> [Exercise details]:
What is needed is an exact copy of the lines in the entries below from the one holding "Silk highlights subtly" through the one holding "- أغسطس هو الشهر", pictures excluded.

> [Exercise material]:
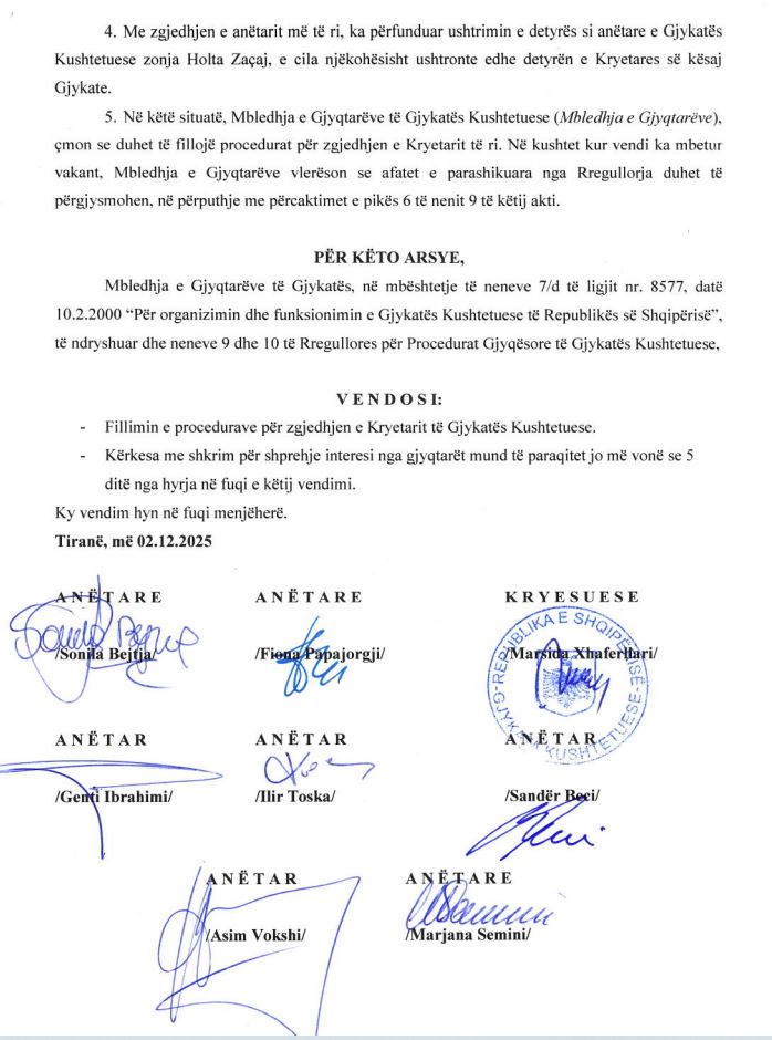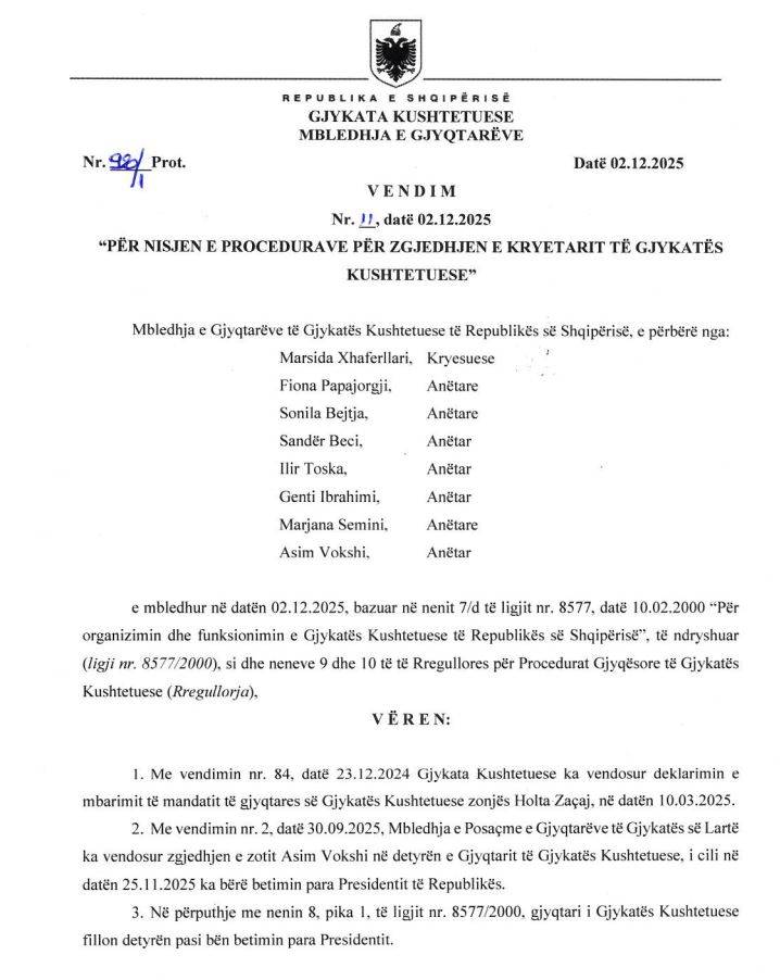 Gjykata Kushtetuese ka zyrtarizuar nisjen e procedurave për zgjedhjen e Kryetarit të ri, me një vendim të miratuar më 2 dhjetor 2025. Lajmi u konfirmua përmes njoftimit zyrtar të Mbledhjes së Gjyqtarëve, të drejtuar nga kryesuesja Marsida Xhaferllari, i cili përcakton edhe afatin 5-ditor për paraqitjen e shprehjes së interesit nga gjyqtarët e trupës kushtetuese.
* * *
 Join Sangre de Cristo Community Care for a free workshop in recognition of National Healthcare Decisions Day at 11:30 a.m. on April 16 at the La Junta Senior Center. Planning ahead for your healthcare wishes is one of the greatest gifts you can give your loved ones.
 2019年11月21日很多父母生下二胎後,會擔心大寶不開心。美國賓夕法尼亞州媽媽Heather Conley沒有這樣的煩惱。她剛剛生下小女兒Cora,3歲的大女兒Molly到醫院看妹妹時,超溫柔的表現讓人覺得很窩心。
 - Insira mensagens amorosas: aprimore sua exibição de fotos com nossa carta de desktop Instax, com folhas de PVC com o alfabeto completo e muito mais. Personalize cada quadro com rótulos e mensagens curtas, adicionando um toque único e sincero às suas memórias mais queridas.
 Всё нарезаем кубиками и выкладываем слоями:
---
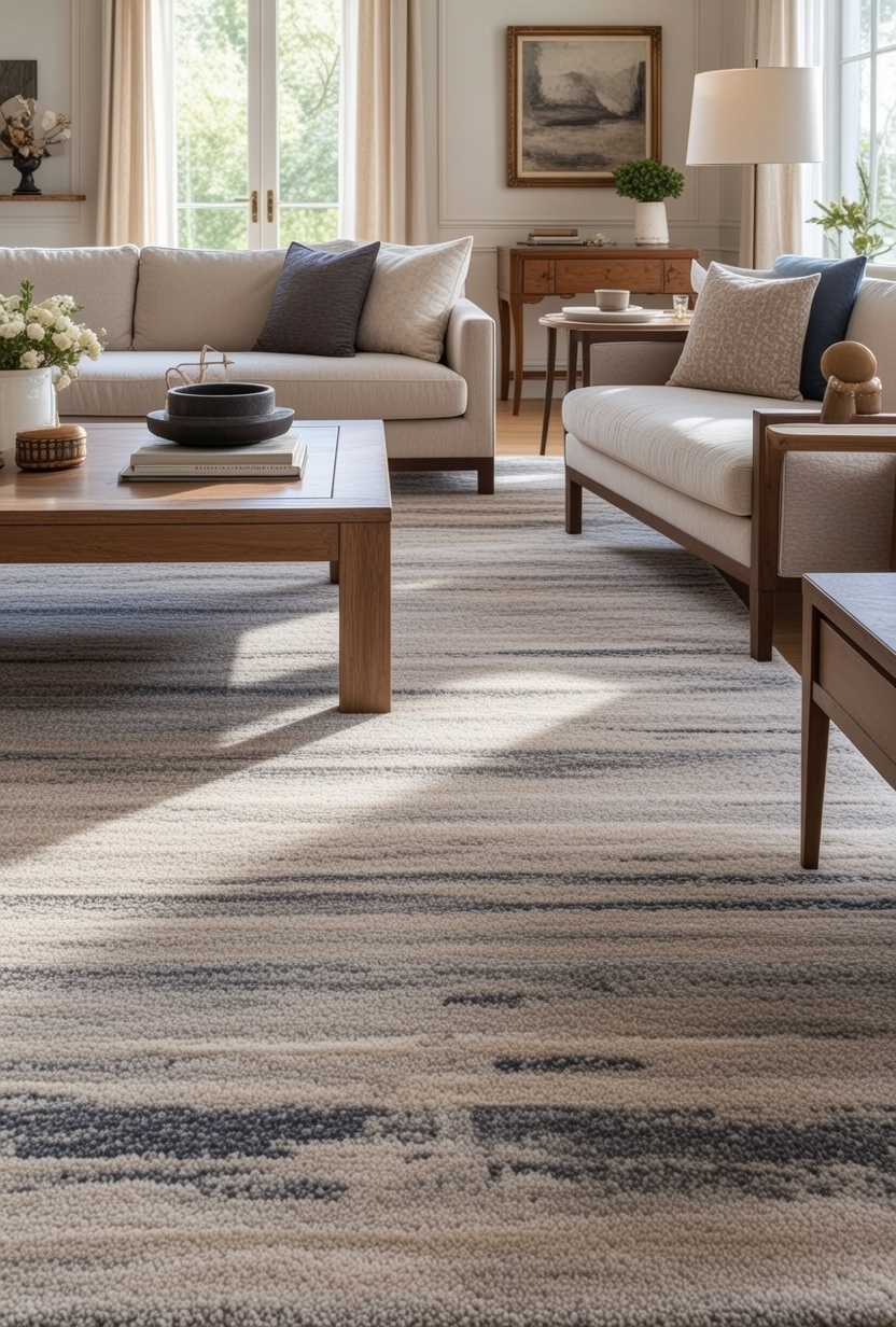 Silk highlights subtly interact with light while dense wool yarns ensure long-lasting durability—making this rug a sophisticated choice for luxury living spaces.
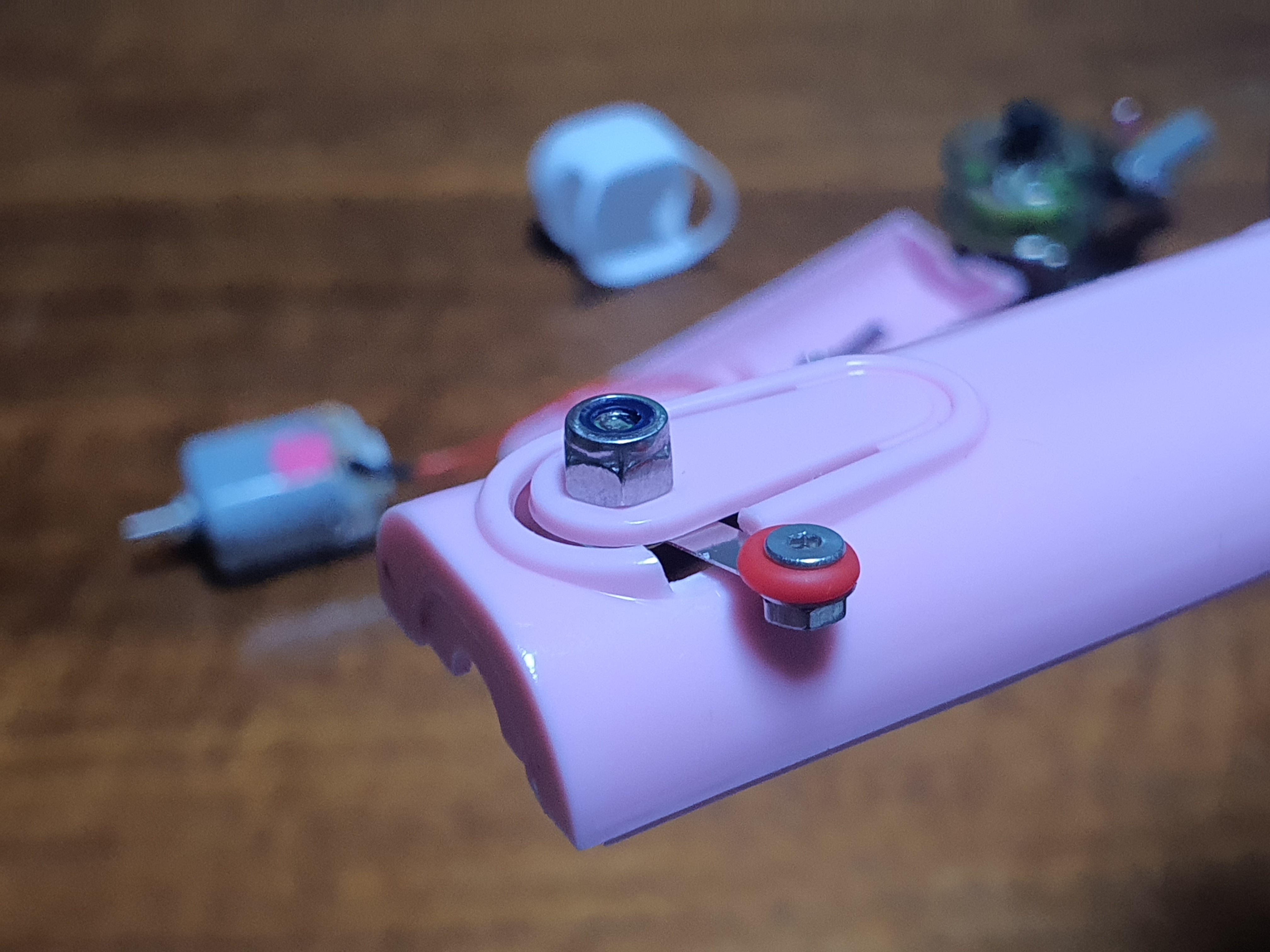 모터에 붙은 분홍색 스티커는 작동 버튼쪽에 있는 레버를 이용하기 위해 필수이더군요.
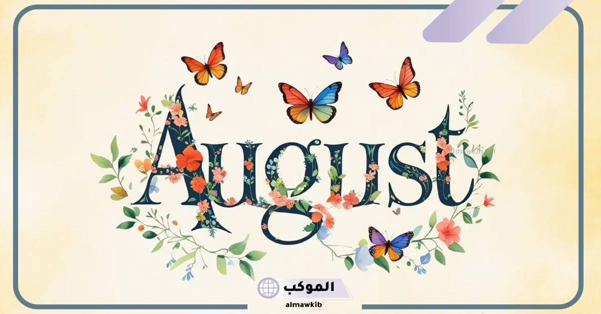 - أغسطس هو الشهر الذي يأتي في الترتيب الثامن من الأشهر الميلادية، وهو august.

> [Completed exercise]:
 Silk highlights subtly interact with light while dense wool yarns ensure long-lasting durability—making this rug a sophisticated choice for luxury living spaces.
 모터에 붙은 분홍색 스티커는 작동 버튼쪽에 있는 레버를 이용하기 위해 필수이더군요.
 - أغسطس هو الشهر الذي يأتي في الترتيب الثامن من الأشهر الميلادية، وهو august.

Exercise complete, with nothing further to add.